The model structure starts with a first layer which has as additional information the input_size. Following layers do not need that as they orient on the first layer output. 
You can add all kinds of layers in different combination afterwards. For image classification you mainly mix `conv2D` layers with `MaxPolling` layers. For classification tasks, the last layer is often a dense layer with softmax activation and hidden_layers=number of classes. Thereby, the weight are "ziped" to the number of classes to classify. Before this last step, you have to flatten the data as it is still in form of the input dimensions which is e.g., 2D(grayscale), 3D(RGB), or 4D(RGBa). We want an array with a value per class. 
To increase bias and improve convergence you can drop a `dropout` layer once in a while. 
These base structures (shown below in the `Einfaches_CNN_Model` function) have been proven to work well for image classification tasks. 
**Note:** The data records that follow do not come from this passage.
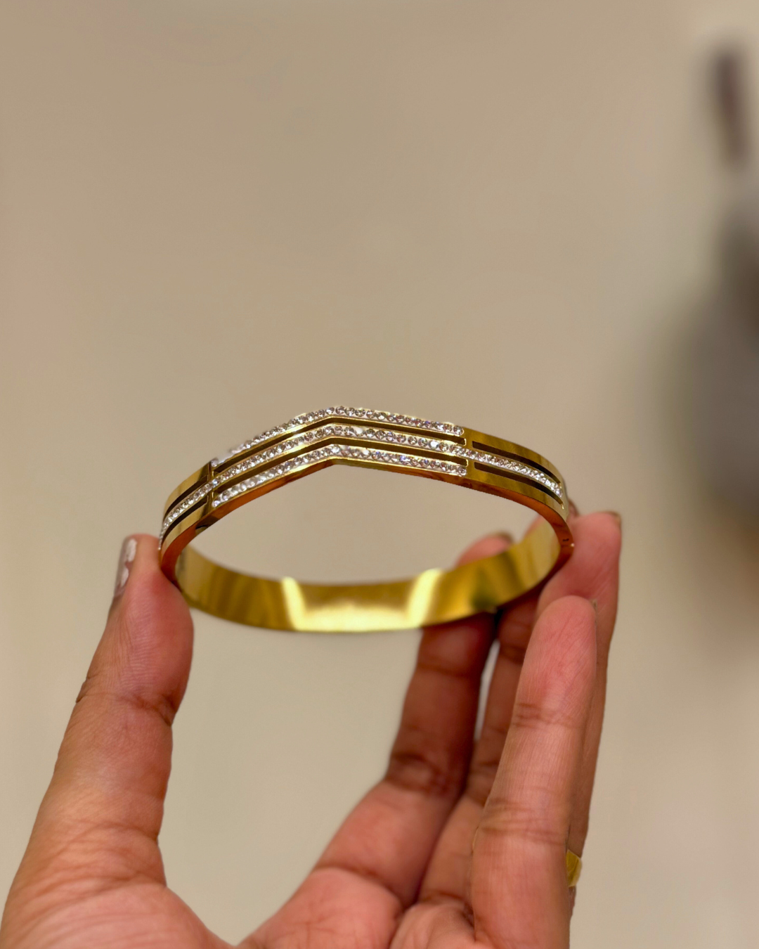Elevate your everyday style with the V-shaped kada bracelet, a sleek and timeless bracelet crafted with a high-quality, anti-tarnish finish. Designed for durability and elegance, this minimal kada adds a subtle glow to both casual and festive looks.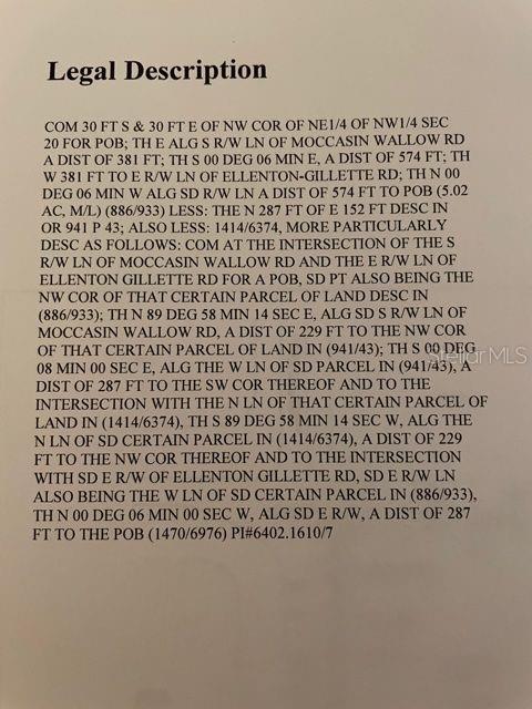 Com30 pés e 30 pés de NW do NE1/4 do NW1/4 seg 20 para POB; O alg s r/w ln de mocassin wallow rd um distante de 381 pés; Th s 00 graus 06 min e disti de 574 pés; Th w 381 pés a r/w ln de Ellenton-Gellette Rd; Th n 00 graus 06 min Veja a imagem anexada para obter uma descrição legal completa!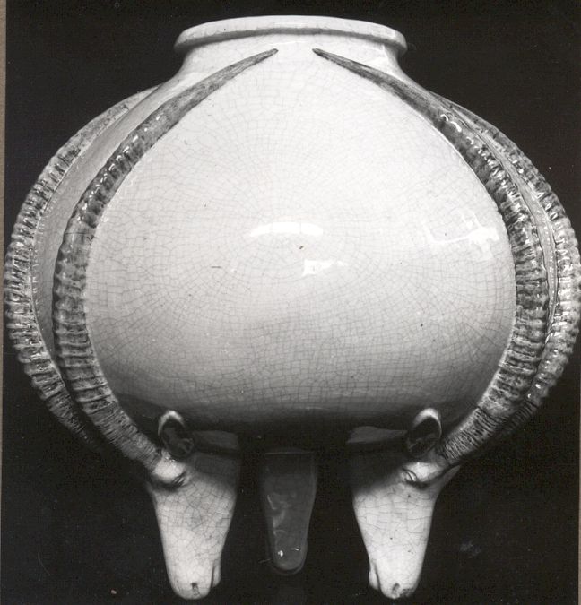 This Sable Head Vase, in cream ceramic crackleware is identical to Eloff’s bronze version in front of the Union buildings. He created several ceramic versions of the antelope themed vase which he produced for family and friends.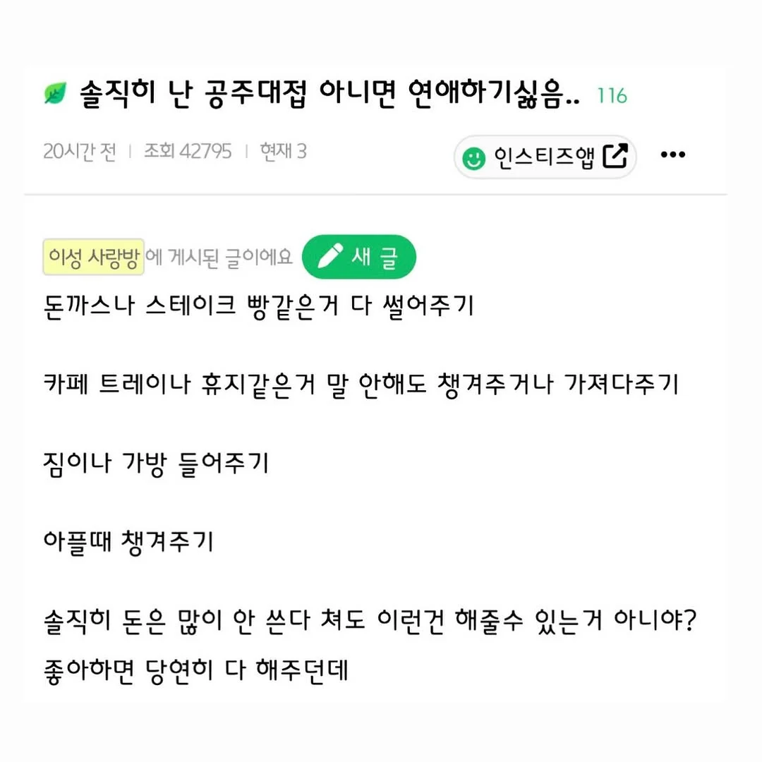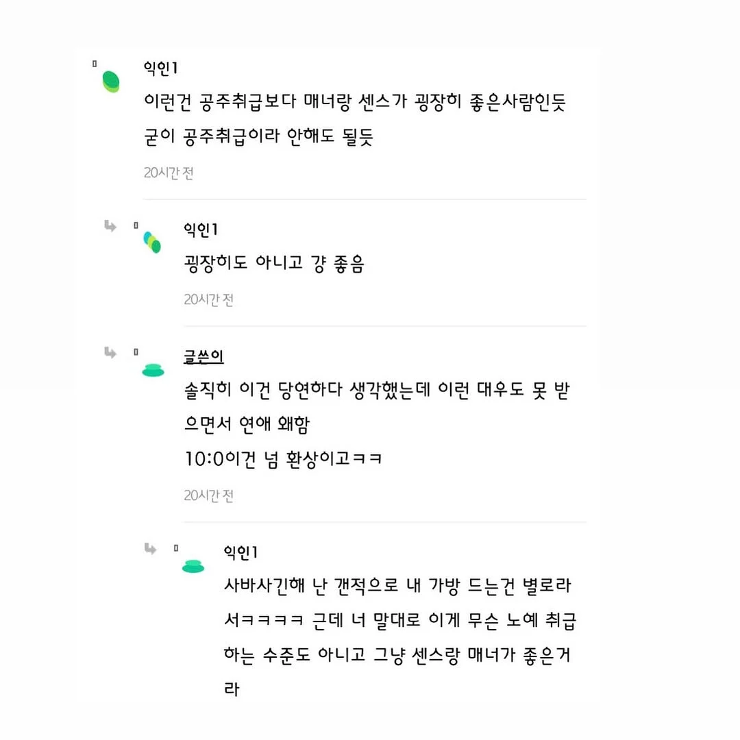 난 공주대접 안 받을거면 솔직히 연애하기 싫어..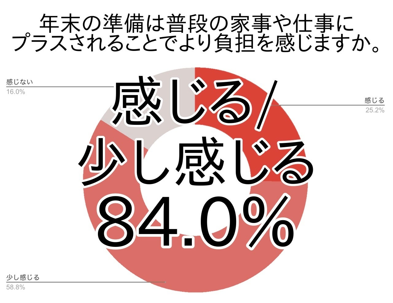 今回のアンケートでは、年末の準備は普段の家事や仕事にプラスされることでより負担を感じる/少し感じると答えた方は約8割(関東84.0%・全国82.9%)でした。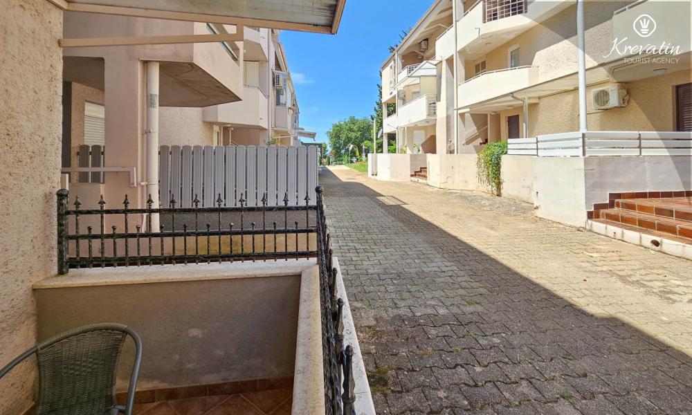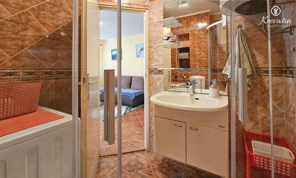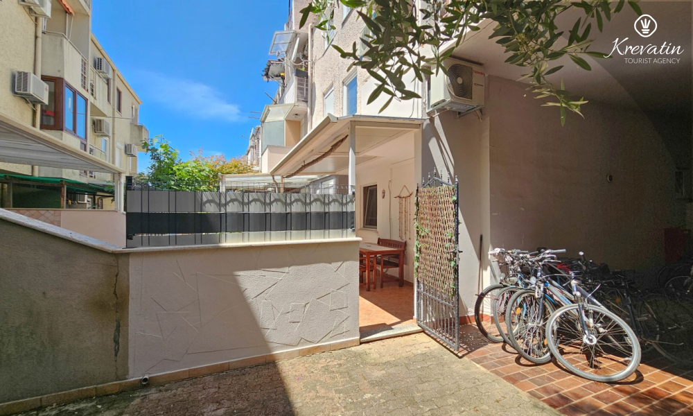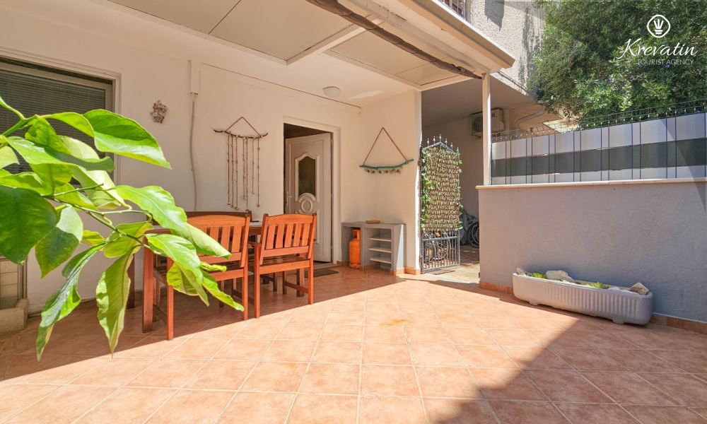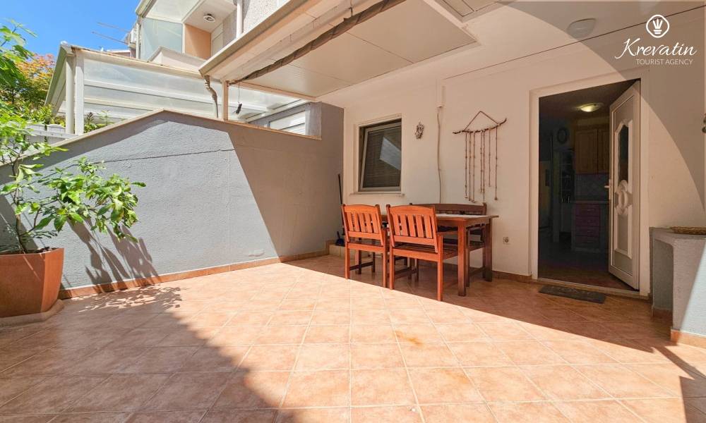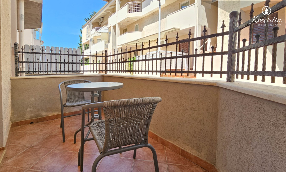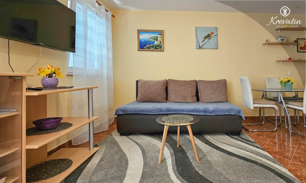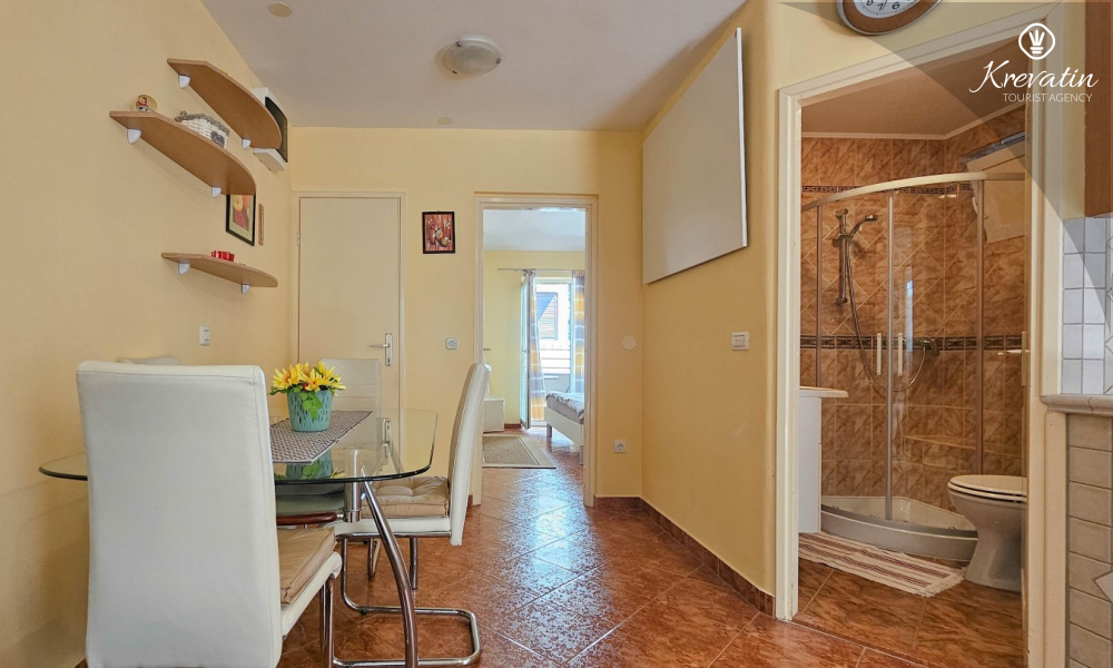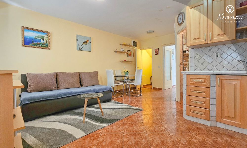L'appartamento è composto da una camera da letto, un confortevole soggiorno con cucina e sala da pranzo e una bella terrazza. Altri due ospiti possono dormire comodamente nel soggiorno. La cucina è attrezzata con l'essenziale per preparare pasti semplici e il pratico bagno è dotato di doccia, WC e lavatrice per la vostra comodità. Rilassatevi sulla terrazza attrezzata con tavolo e sedie, perfetta per un caffè mattutino o per riunioni serali. L'appartamento è dotato di TV, aria condizionata, internet, e la biancheria da letto e da bagno è disponibile senza costi aggiuntivi per un soggiorno spensierato.

The artist part is to combine all layers at hand in unique ways to obtain best results for the task. Known network structures such as VGG, ResNet,... can be seen as such artworks. 

**Structure when working with time series data (RNN)**

Models for timeseries data are very similar in their construction but use different layer compositions. 
The central difference is that the main layer is not the `Conv2D` but an `LSTM` or `GRU` layer wich are specific for time series analysis. The flatten layer is also not needed as the layers give an estimation output for each timestep.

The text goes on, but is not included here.